In my recovery from being an alcoholic, I have realized that reality is quite frightening to me. What it is that I want in my life and then it hits me and I ask myself "Have I come to a dead-end street?"... "Have the lights been turned off, forever?" ..."Where is the light?"..."which direction do I go?"..."what is wrong with me?"...these are an addicts fears.
So I pause and desire to go forward and that is where my daughter Alex comes in, she tells me that it is possible to continue to work, I'm not completely dead, or disabled. Persists is her middle name. My strength is my daughter Jilly, she fights to believe in her higher power and clings to it, that its the right direction and that her inner voice is the choice and decision she makes, and pushing out the negative.
I am babbling on and on, my mind is focused on that job I applied for. It is a live-in position as a care giver. He is allowing me to stay at his Dads house, rent free and going to pay wages to me. He called me this morning telling me him and his brother will be reviewing the applications and will get back to me, but his Dad is in a care home facility and has to remain there for 3-4 weeks because of the medi-care rules.

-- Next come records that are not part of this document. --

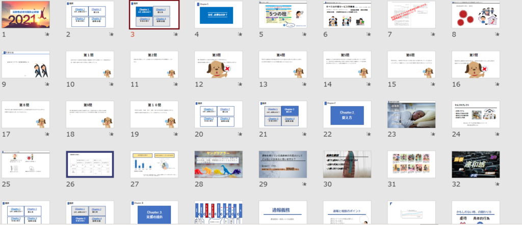 YOUTUBEのパワポ関連の動画を見まくり、見様見真似でやってきました。一つの研修動画を作ろうと思ったら、どれだけ多くの資料を読み込み、自分で理解し解釈し、人に伝えるまでにこんなに多くの過程があることを、初めて知りました。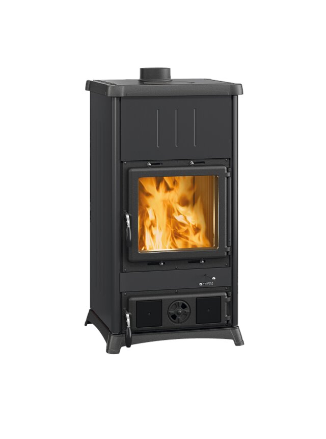Soba lemn FEDORA STEEL. Soba pe lemne FEDORA STEEL are îmbrăcăminte din oțel emailat și inel superior din fontă pentru încălzirea recipientelor; eficiență ridicată și emisii reduse.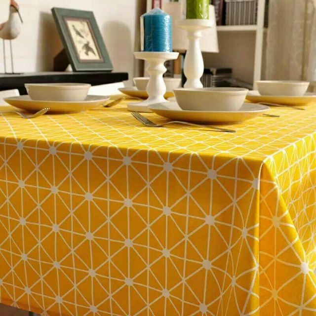 Nhà cửa & Đời sống > Trang trí nhà cửa > Khăn trải bàn || Khăn trải bàn vải linen mẫu kẻ vàngCòn hàng

Only thing is that I am afraid of getting it because my self esteem and my abilities of caring for him. I haven't done nursing in so long, returning back to work, especially a live-in position has put a little fear into me on whether or not I am able to preform this responsibility. But more of me wants to because I miss working, as I use to be a workaholic. I miss the rush in the beginning of a shift and the ending of one. My miss my co-workers and being able to make the patients pleased with the care I give them.
Darn, I am not able to say exactly what it is I want to say, its all mumbling to me...I have a little anxiety now and then, and I found out what helps and that is to walk somewhere kinda fast, but I am so out of shape.

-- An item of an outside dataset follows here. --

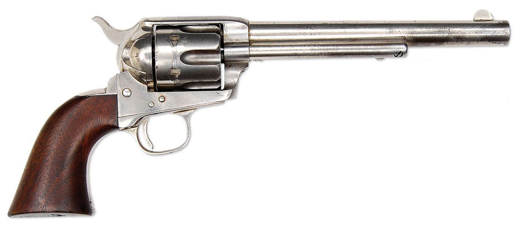 O Colt Single Action Army de 1873, em calibre .45 Long Colt, “The Gun that Won the West” (A Arma que Conquistou o Oeste) – o modelo acima, com cano de 7 1/2″ era denominado de Peacemaker.

Another thing is that my boyfriend needs me, and he says he will miss me. I will diffidently miss him, he needs someone to help him keep his house cleaned.
"Will I be able to preform with my disability?"..."my pain?"...and "Being on these pain medications?"...I would have to stop taking the ones that keep me confused seeing that the patient is confused, it would be like the blind leading the blind. I know that I could quit because I have quit so many other addictions in my live and I can become addicted to my work again. My fear is that when my pain reaches to high of a level and I am not able to preform to help him. I've gone to the emergency room because of my pain level reaching the highest level, causing me to vomit and not being able to keep my eyes open. I get a headache like a migraine and it causes me to vomit. These are my fears.
Anywho, thanks for reading my jumbling and rambling on...have a great weekend !!!